Das Gericht stellte klar, dass die Beurteilung der Testierfähigkeit in der Regel fachpsychiatrische Sachkunde erfordert. Das Nachlassgericht darf sich diese nicht selbst anmaßen. Hält ein Sachverständiger die Befragung von Kontaktpersonen des Erblassers für notwendig, muss er bei den Zeugeneinvernahmen zugezogen werden und die Möglichkeit haben, selbst Fragen zu stellen. Nur so kann er die Informationen in sein Gutachten einfließen lassen und eine abschließende fachliche Bewertung abgeben.

Wird dem Sachverständigen diese Möglichkeit genommen und stützt sich das Gericht allein auf eigene Würdigung von Zeugenaussagen, verletzt dies den Grundsatz des rechtlichen Gehörs. Eine Entscheidung über Testierunfähigkeit ohne fachpsychiatrische Auswertung ist unzulässig, da dem Gericht insoweit die erforderliche Sachkunde fehlt.

Im Ergebnis hob das OLG die Entscheidung des Nachlassgerichts auf. Es unterstrich, dass die Feststellung von Testierunfähigkeit nur auf Grundlage eines ordnungsgemäß eingeholten und umfassend gewürdigten Sachverständigengutachtens erfolgen darf, das auch die Aussagen von Kontaktpersonen berücksichtigt.

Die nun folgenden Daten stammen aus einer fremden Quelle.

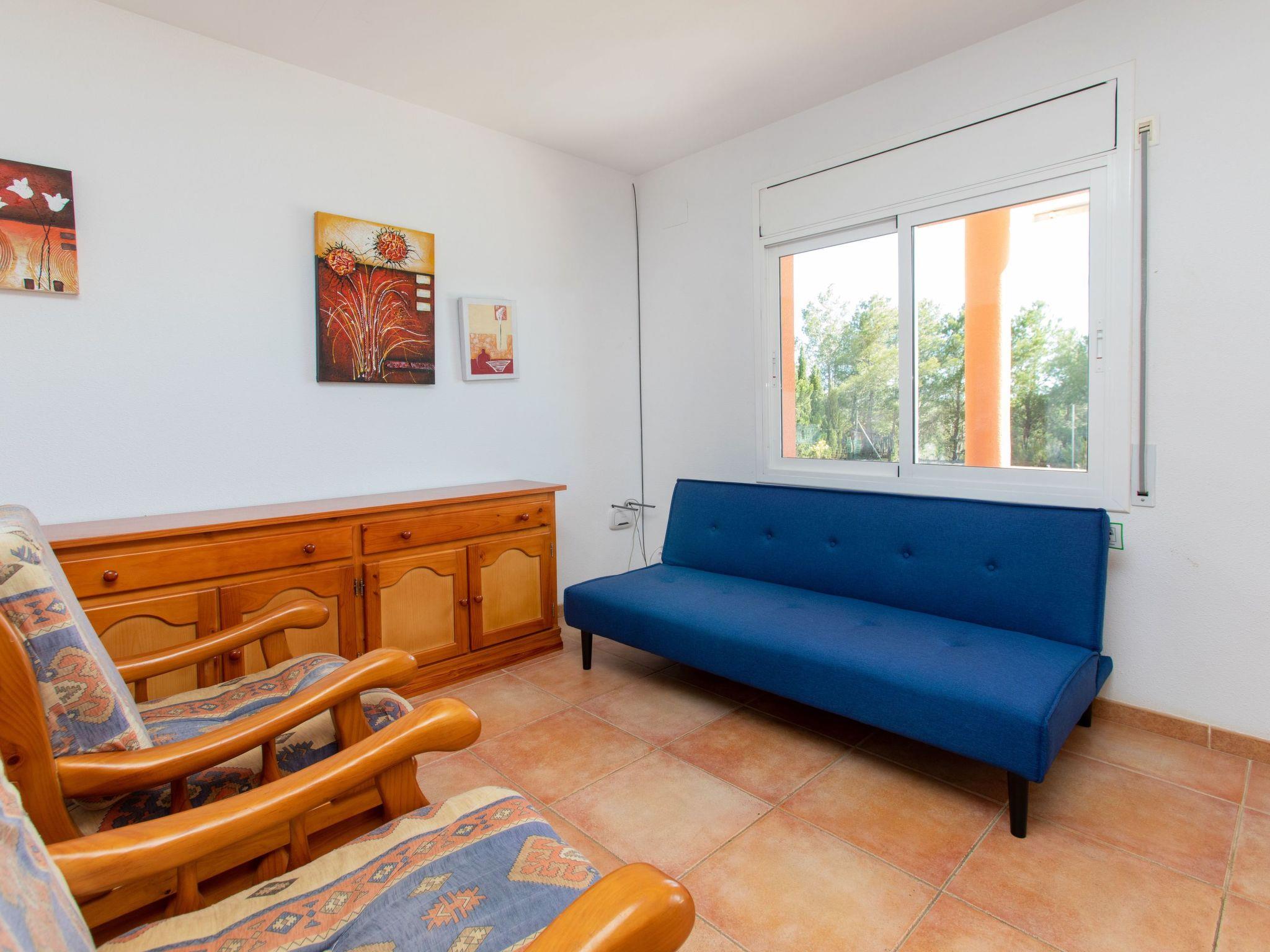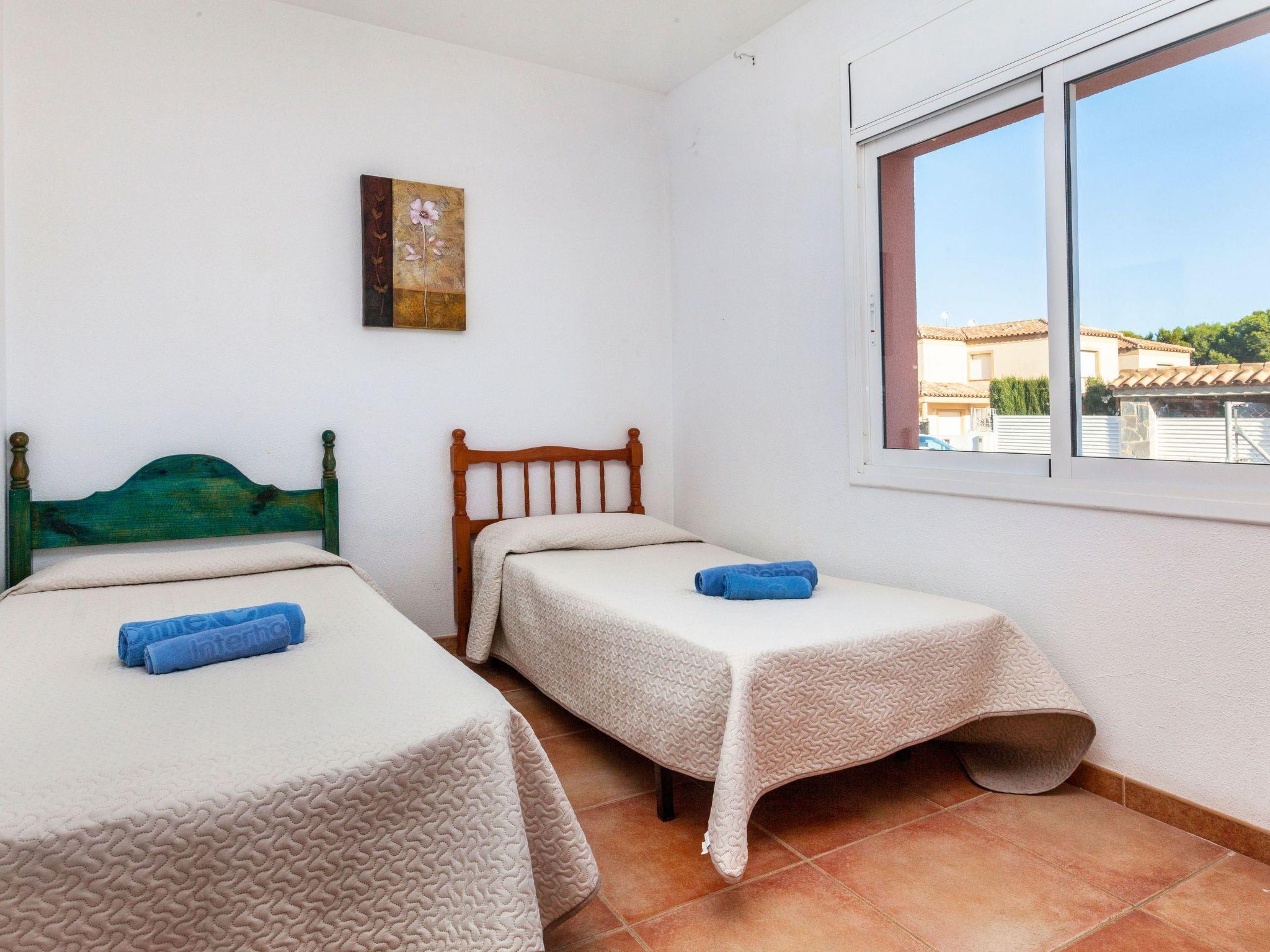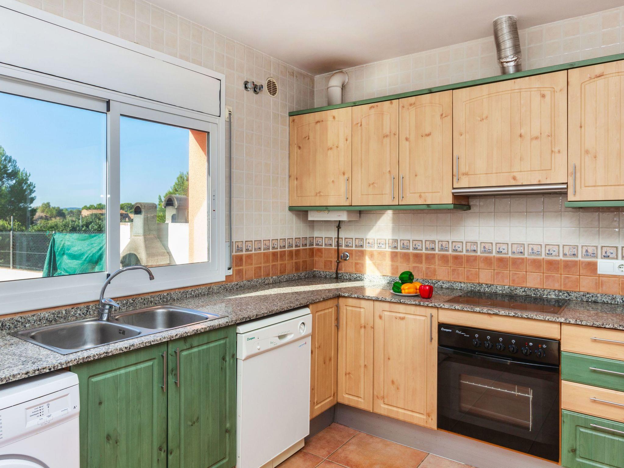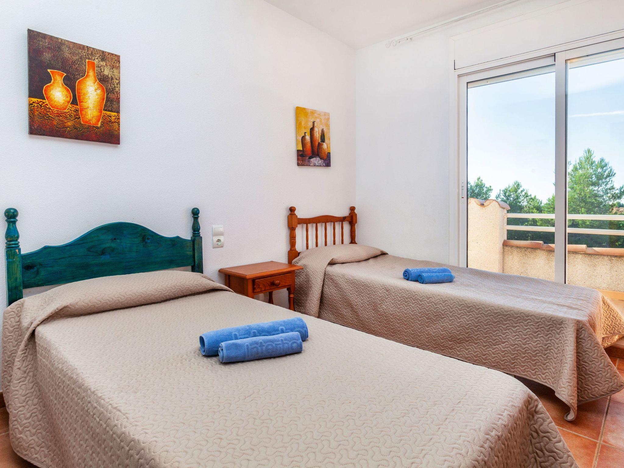 "Villa Malva I", 5-room villa 150 m2 on 2 levels. Practical and cosy furnishings: living/dining room with dining table, satellite TV and digital TV. Exit to the patio, to the swimming pool. 1 room with 1 french bed (135 cm), fan. 1 room with 2 beds (90 cm). Exit to the terrace. Large kitchen (oven, dishwasher, 3 ceramic glass hob hotplates, toaster, kettle, microwave, electric coffee machine). Bath/bidet/WC, double hand-basin. No heating option. Upper floor: 1 room with 1 french bed (135 cm). Exit to the terrace. 1 room with 2 beds (90 cm). Exit to the terrace. Bath/bidet/WC. Small terrace. Terrace furniture, barbecue. View of the countryside. Facilities: washing machine, iron, children's high chair, baby cot, hair dryer. Internet (WiFi, free). Parking (fenced) at the house. Maximum 1 pet/ dog allowed. HUTTE001224 // Reg. Nr.: ESFCTU00004302000083207900000000000000000HUTTE0012247

Welche praktischen Konsequenzen hat die Entscheidung, wenn die Testierunfähigkeit umstritten ist?

  • Sachverständigenbeweis zwingend: Testierunfähigkeit darf nicht allein aufgrund von Zeugenaussagen angenommen werden. Es braucht stets ein fachpsychiatrisches Gutachten, wenn Zweifel bestehen.
  • Zeugeneinvernahme nur mit Gutachter: Werden Kontaktpersonen befragt, muss der Sachverständige anwesend sein, um selbst Fragen stellen und die Aussagen für seine Bewertung verwerten zu können.
  • Rechtliches Gehör sichern: Beteiligte haben Anspruch darauf, dass ein Sachverständiger die widersprüchlichen Aussagen fachlich bewertet. Eine Entscheidung ohne diesen Schritt verletzt ihr Grundrecht auf rechtliches Gehör.